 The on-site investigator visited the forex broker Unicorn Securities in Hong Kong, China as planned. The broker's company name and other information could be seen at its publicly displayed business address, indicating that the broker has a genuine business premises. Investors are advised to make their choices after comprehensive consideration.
::::::::::
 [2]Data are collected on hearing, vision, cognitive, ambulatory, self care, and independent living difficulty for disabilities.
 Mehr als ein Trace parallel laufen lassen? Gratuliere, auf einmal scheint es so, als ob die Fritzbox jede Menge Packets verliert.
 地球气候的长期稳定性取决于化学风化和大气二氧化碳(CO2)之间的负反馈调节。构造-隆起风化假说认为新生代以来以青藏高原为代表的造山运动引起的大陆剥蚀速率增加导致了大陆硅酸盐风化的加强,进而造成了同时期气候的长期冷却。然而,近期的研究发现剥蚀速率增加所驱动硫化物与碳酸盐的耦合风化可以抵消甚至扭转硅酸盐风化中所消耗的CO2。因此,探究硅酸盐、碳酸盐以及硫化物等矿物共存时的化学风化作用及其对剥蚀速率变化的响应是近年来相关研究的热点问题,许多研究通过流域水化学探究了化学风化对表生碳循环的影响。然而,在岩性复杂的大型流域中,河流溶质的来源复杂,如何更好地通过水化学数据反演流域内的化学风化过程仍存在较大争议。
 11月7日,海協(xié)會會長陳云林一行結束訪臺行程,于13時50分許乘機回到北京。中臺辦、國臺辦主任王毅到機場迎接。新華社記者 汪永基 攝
::::::::::
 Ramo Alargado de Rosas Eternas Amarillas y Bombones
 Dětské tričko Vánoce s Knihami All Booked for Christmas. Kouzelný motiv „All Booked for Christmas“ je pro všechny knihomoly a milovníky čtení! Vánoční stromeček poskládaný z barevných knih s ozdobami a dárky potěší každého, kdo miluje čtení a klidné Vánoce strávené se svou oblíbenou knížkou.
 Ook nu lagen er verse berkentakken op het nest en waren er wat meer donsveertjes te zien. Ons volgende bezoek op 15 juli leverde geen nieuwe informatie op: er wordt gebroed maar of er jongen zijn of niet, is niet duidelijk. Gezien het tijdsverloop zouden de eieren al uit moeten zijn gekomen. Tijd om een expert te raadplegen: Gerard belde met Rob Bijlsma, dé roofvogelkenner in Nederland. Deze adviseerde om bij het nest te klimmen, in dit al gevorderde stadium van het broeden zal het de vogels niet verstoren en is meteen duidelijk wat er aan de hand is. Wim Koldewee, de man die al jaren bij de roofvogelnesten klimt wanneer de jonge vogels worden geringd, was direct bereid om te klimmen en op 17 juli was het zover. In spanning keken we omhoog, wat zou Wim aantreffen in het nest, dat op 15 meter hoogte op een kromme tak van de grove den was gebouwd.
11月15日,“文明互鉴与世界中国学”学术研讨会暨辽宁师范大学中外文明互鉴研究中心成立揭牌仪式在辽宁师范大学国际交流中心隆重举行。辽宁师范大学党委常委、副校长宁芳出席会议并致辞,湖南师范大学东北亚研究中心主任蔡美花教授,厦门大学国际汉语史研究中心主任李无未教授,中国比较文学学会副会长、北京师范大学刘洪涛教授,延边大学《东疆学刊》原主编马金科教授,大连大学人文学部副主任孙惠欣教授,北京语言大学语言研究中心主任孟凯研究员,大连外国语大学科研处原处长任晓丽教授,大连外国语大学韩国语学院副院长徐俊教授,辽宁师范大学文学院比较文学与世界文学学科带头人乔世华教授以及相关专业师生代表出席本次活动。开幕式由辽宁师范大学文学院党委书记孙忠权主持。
::::::::::
The exact lines of the material above starting at the one that contains "Ramo Alargado de" and ending at the one that contains "Dětské tričko Vánoce" are what to retype; leave out everything else.

 Ramo Alargado de Rosas Eternas Amarillas y Bombones
 Dětské tričko Vánoce s Knihami All Booked for Christmas. Kouzelný motiv „All Booked for Christmas“ je pro všechny knihomoly a milovníky čtení! Vánoční stromeček poskládaný z barevných knih s ozdobami a dárky potěší každého, kdo miluje čtení a klidné Vánoce strávené se svou oblíbenou knížkou.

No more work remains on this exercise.